- About this exercise
Below is a listing; retype exactly the lines between the one containing "Khoảng cách an" and the one containing "Já o MVP de", inclusive, minus the pictures.

- Task material
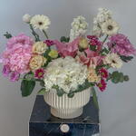 chrysanthemum pink - 1 шт. hydrangea pink - 1 шт. hydrangea white - 1 шт. white lisianthus - 2 шт. розовая лилия - 2 шт. белая гербера - 3 шт. маттиола белая - 2 шт. лизиантус персиковый - 2 шт. сантини красный спрей - 2 шт.
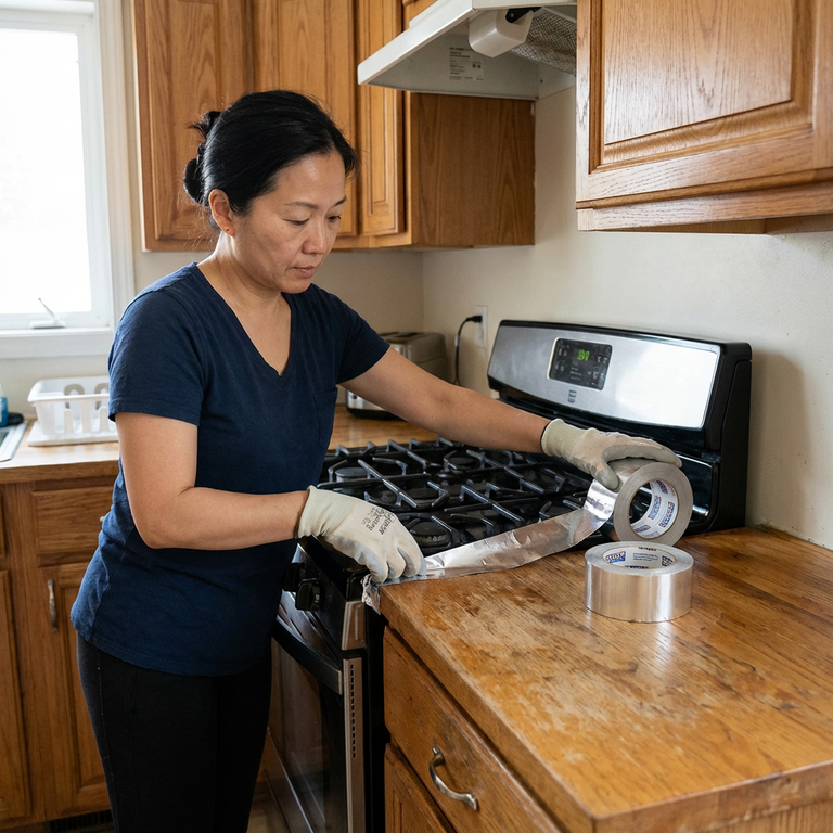 Khoảng cách an toàn với nguồn nhiệt trực tiếp tối thiểu là 10cm với bếp gas, 5cm với bếp từ. Băng dính nhôm chịu được 150 độ C nhưng không chịu được lửa trực tiếp. Dán quá sát đầu đốt bếp gas, nhiệt độ cục bộ có thể vượt 300 độ C và keo sẽ chảy thành vệt đen rất khó tẩy.
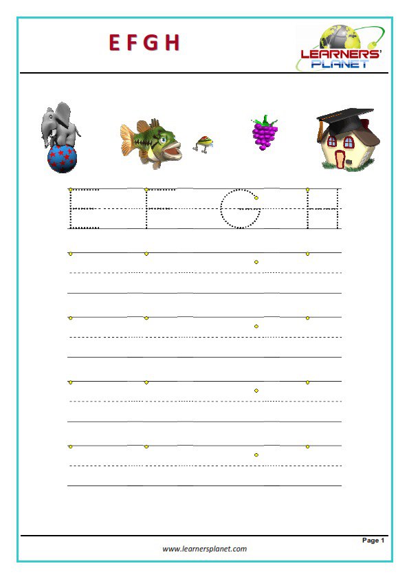 ورقه عمل علي احرف (e-f-g-h)
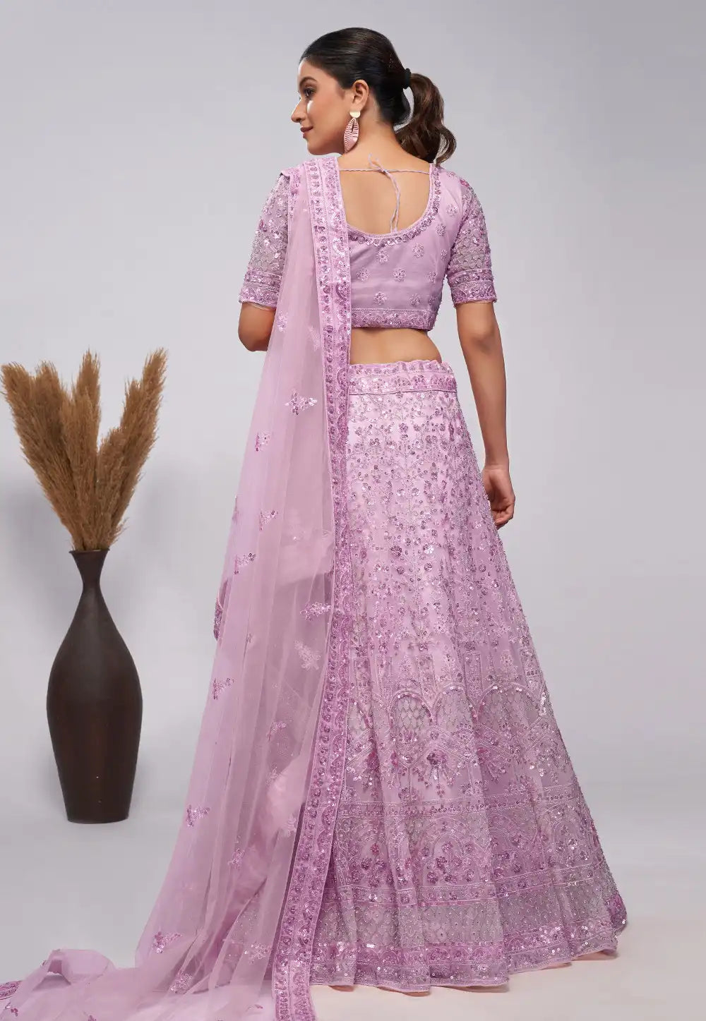 Experience the elegance and luxury of our Lavender Heavy Embroidered Wedding Lehenga Choli. Made from soft net fabric and embellished with handwork, the lehenga as well the blouse feature intricate bead and sequins embroidery all over. Comes with soft net embroidered dupatta. With a cancan netting, this piece is perfect for any wedding and festive occasions.
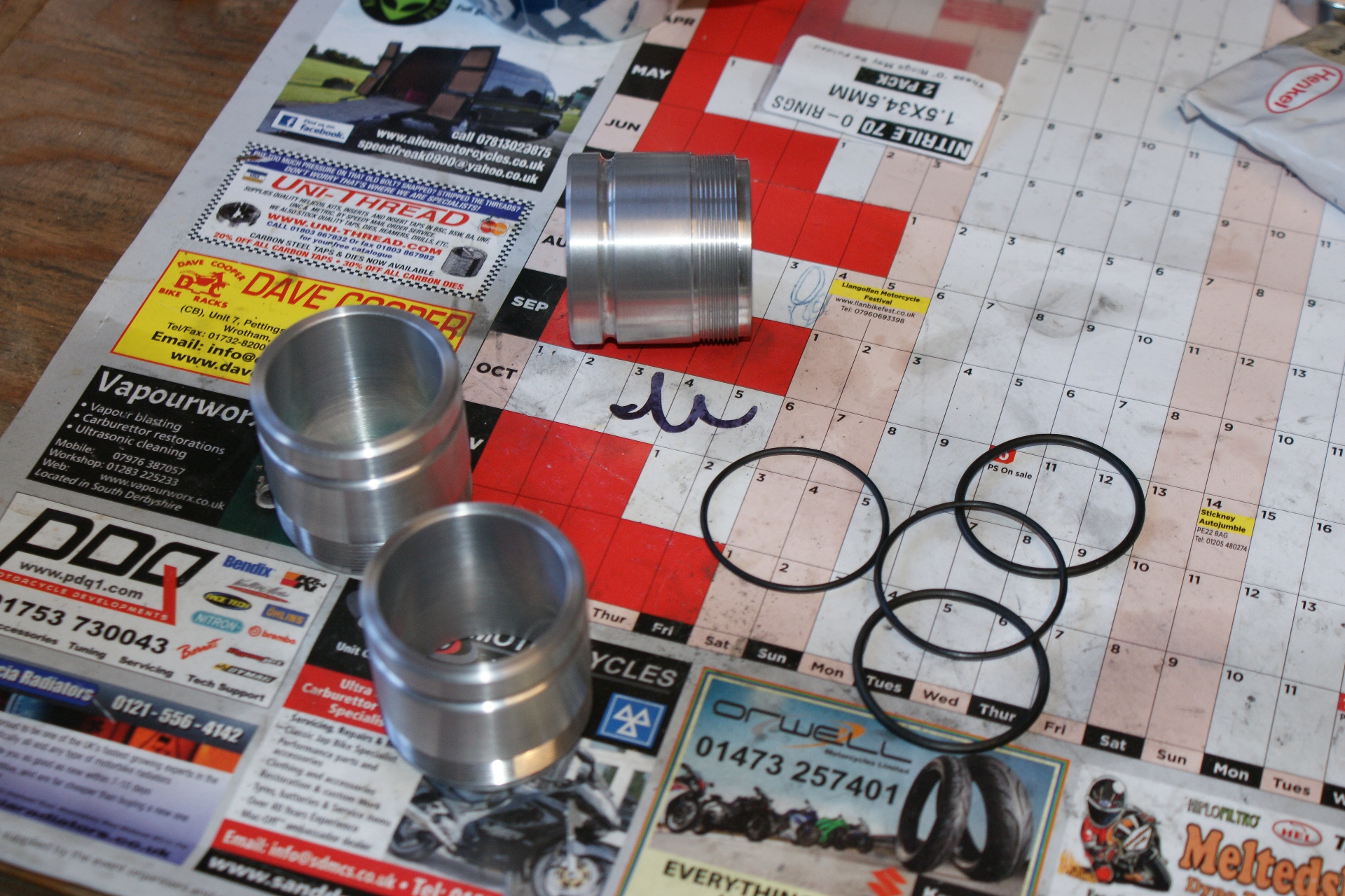 I designed some inlet pieces for the CR carbs which cam without any fitted as P1 only had Suzuki rubbers left in their cupboard. Got them CNC'd and a variety of o-rings to see if i can fit and seal. I had to cut a releif in the threaded ends so the thread would bottom out once in the carb.
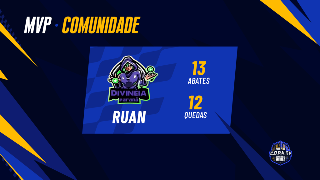 Já o MVP de Comunidade foi o Ruan, da equipe Divinéia, que garantiu o título com 13 abates em 12 quedas.
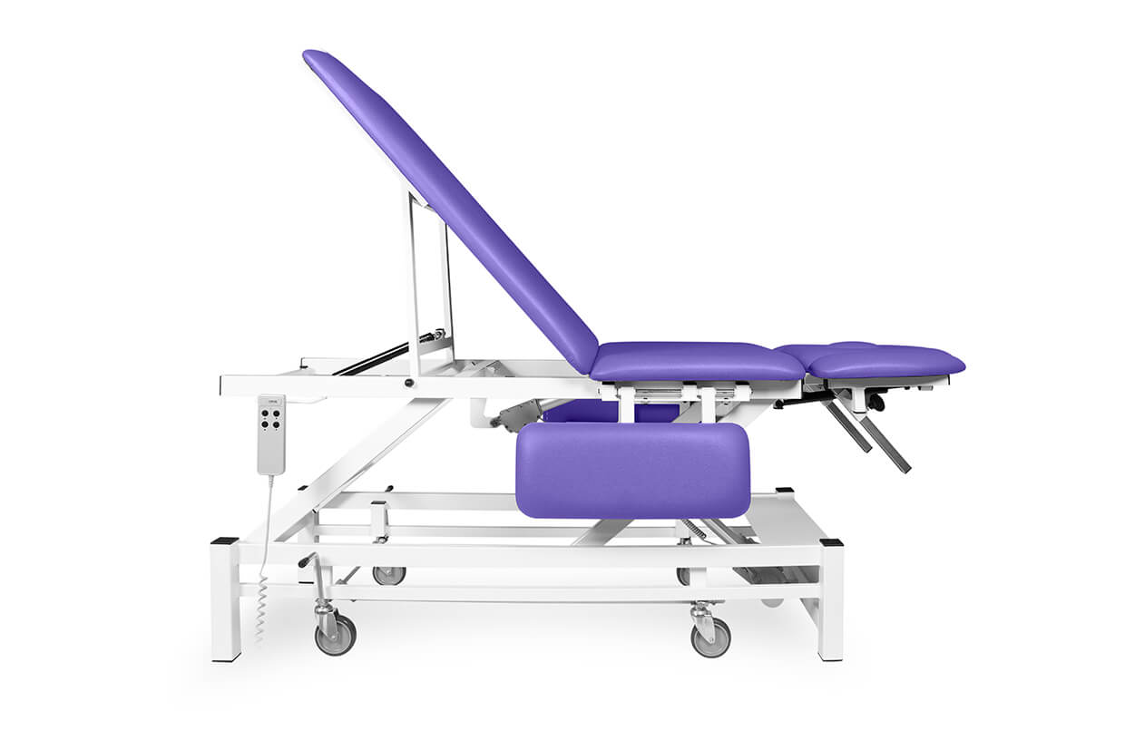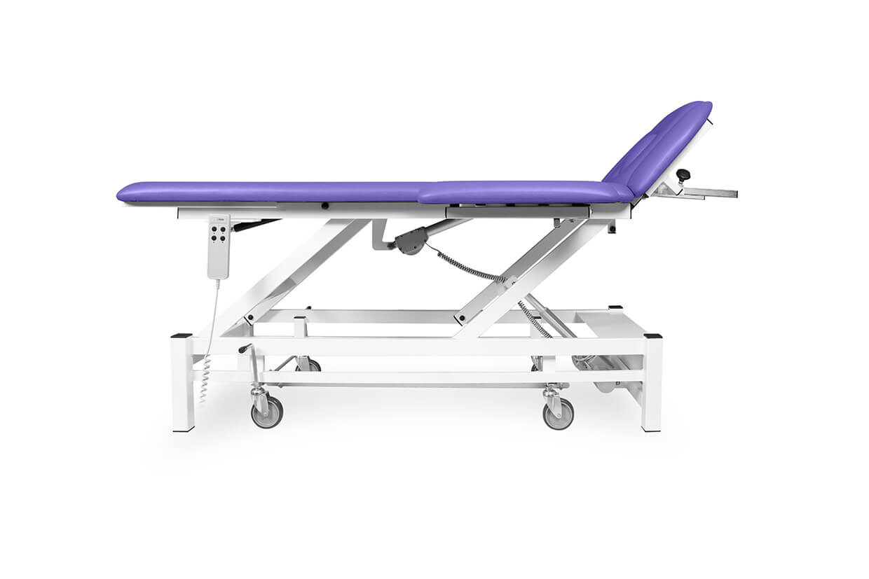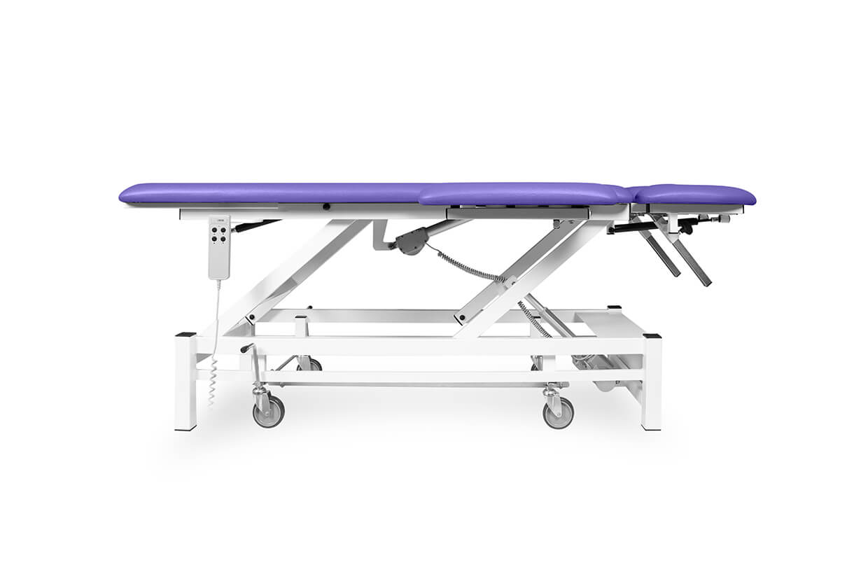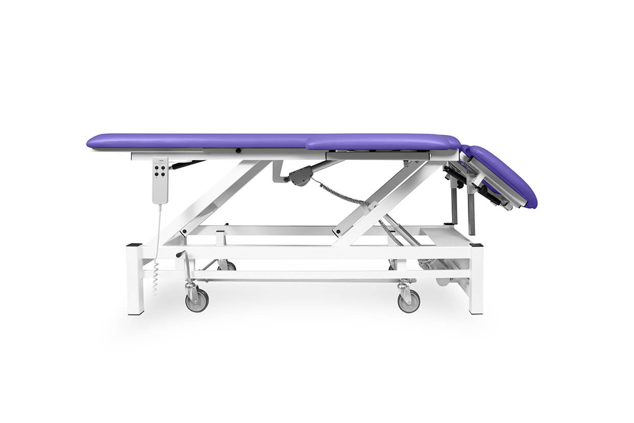 Pat profesional electric, reglabil, din trei elemente, cu un motor fiabil și silențios, potrivit pentru maseuri și fizioterapeuți. Patul este tapițat confortabil cu spumă de 4 cm grosime și imitație de piele de înaltă calitate, ușor de curățat și echipat cu piciorușe antiderapante reglabile. Partea superioară și cea inferioară (ridicare în V) ale patului pot fi poziționate cu ajutorul picioarelor telescopice. Prețul patului include telecomanda.
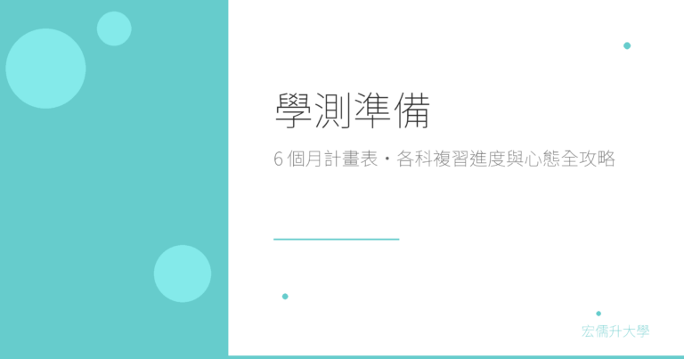 學測倒數半年如何逆襲?這份「學測 6 個月準備計畫」為你拆解各階段複習重點,從基礎打底、題型衝刺到模考演練。內含國英數各科複習順序與心態建設,助你精準分配時間、提升學習效率,考取心目中的理想校系!
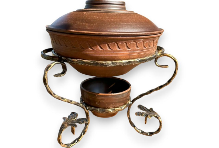 Металева підставка для підігріву м'яса Садж Глинка з глиняною тарілкою на 5 л Коричнева (120-89-5-1)
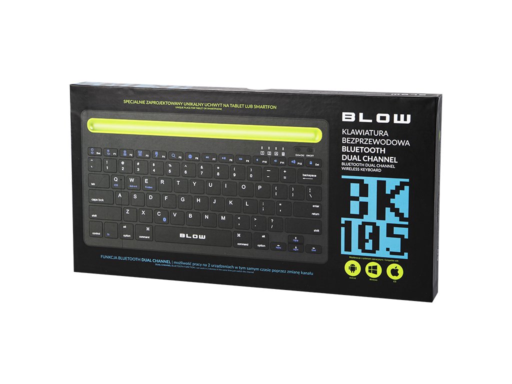 Brezžična tipkovnica Bluetooth s posebej zasnovanim unikatnim držalom za tablico ali pametni telefon. Funkcija Dual Channel omogoča delo na dveh napravah hkrati s preklapljanjem kanala. Vgrajena baterija, tiho delovanje tipk, majhna naprava in majhna teža, odpornost na prah in umazanijo ter možnost dela na večji razdalji od računalnika (doseg Bluetooth tudi do 10 m!) - vsi ti elementi bodo uporabo naredili še bolj udobno in prijetno!
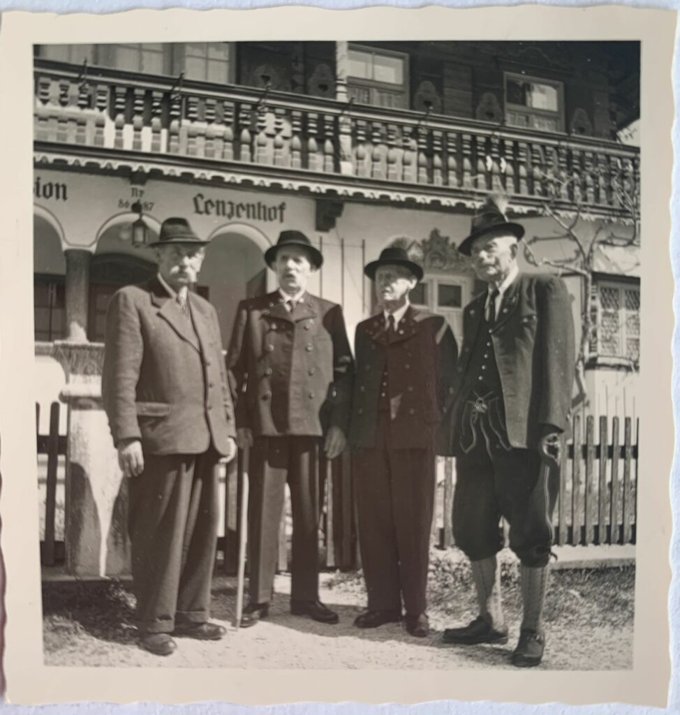 v. l. n. r.: Gründungsmitglieder: Josef Mühlberger, Rottmeister/Fritz Heigenhauser, Kaufmann/Josef Fischer, Obersäger/ Josef Lehrberger, Sägewerksbesitzer
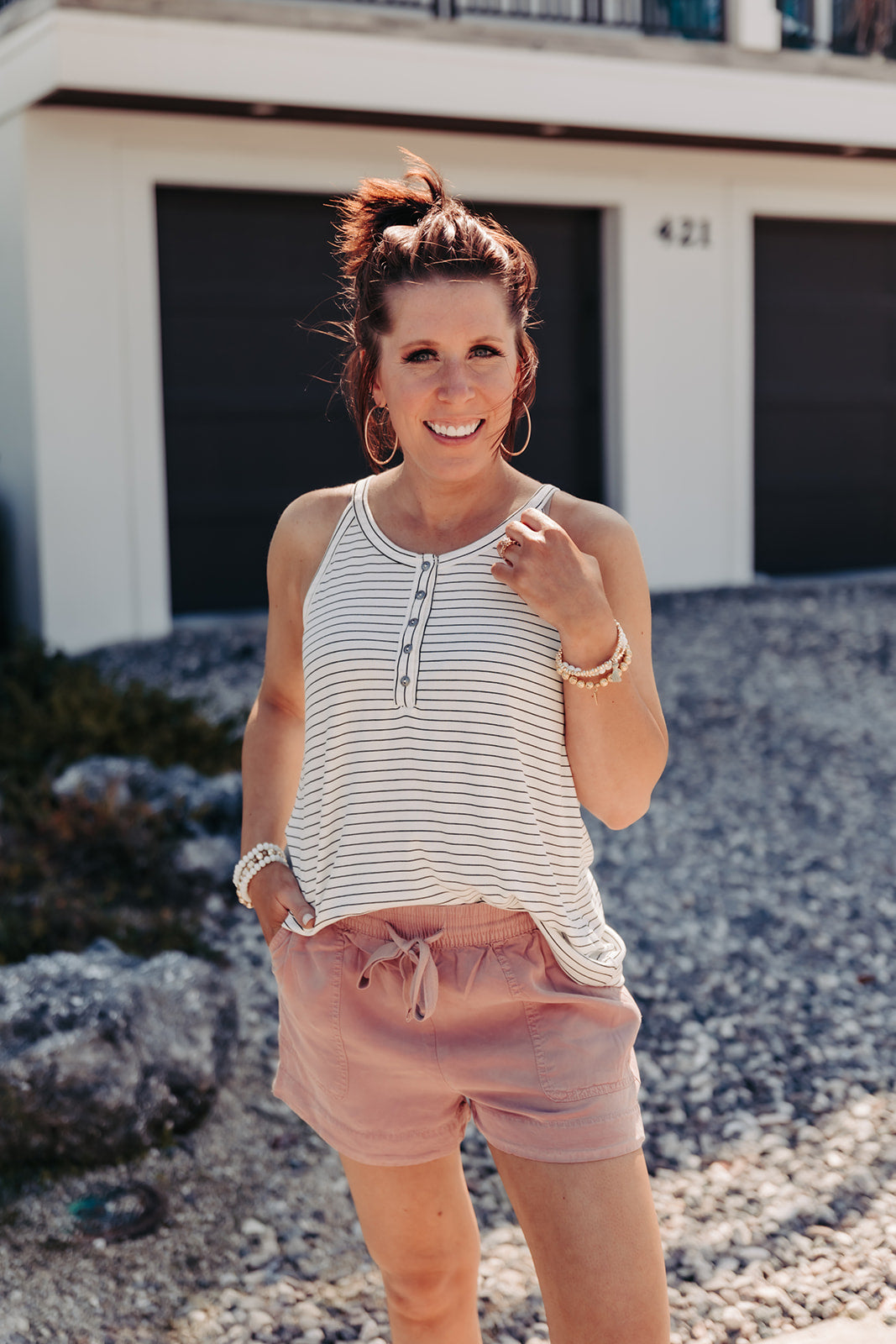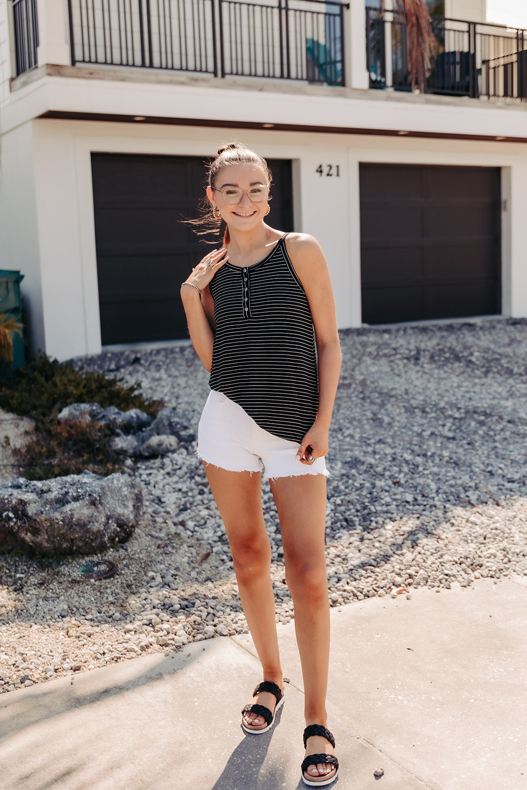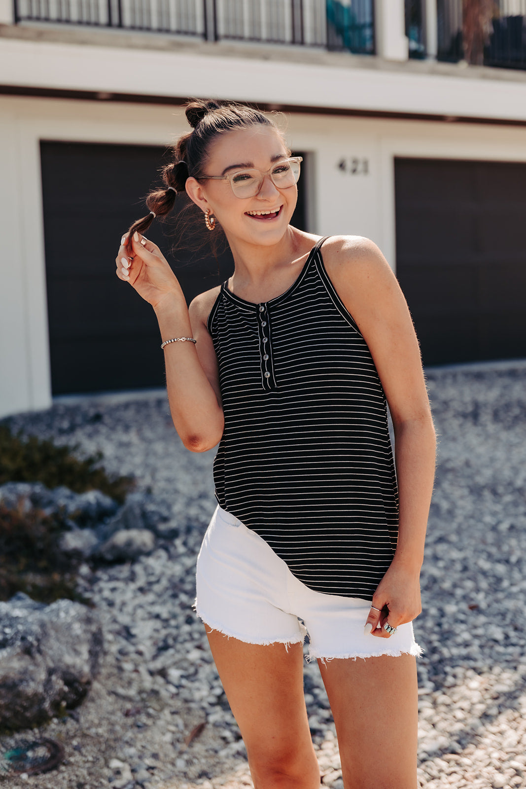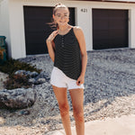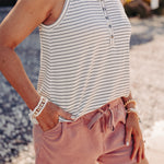 STRIPE RIB KNIT BUTTON DETAIL HALTER TANK

- Result
 Khoảng cách an toàn với nguồn nhiệt trực tiếp tối thiểu là 10cm với bếp gas, 5cm với bếp từ. Băng dính nhôm chịu được 150 độ C nhưng không chịu được lửa trực tiếp. Dán quá sát đầu đốt bếp gas, nhiệt độ cục bộ có thể vượt 300 độ C và keo sẽ chảy thành vệt đen rất khó tẩy.
 ورقه عمل علي احرف (e-f-g-h)
 Experience the elegance and luxury of our Lavender Heavy Embroidered Wedding Lehenga Choli. Made from soft net fabric and embellished with handwork, the lehenga as well the blouse feature intricate bead and sequins embroidery all over. Comes with soft net embroidered dupatta. With a cancan netting, this piece is perfect for any wedding and festive occasions.
 I designed some inlet pieces for the CR carbs which cam without any fitted as P1 only had Suzuki rubbers left in their cupboard. Got them CNC'd and a variety of o-rings to see if i can fit and seal. I had to cut a releif in the threaded ends so the thread would bottom out once in the carb.
 Já o MVP de Comunidade foi o Ruan, da equipe Divinéia, que garantiu o título com 13 abates em 12 quedas.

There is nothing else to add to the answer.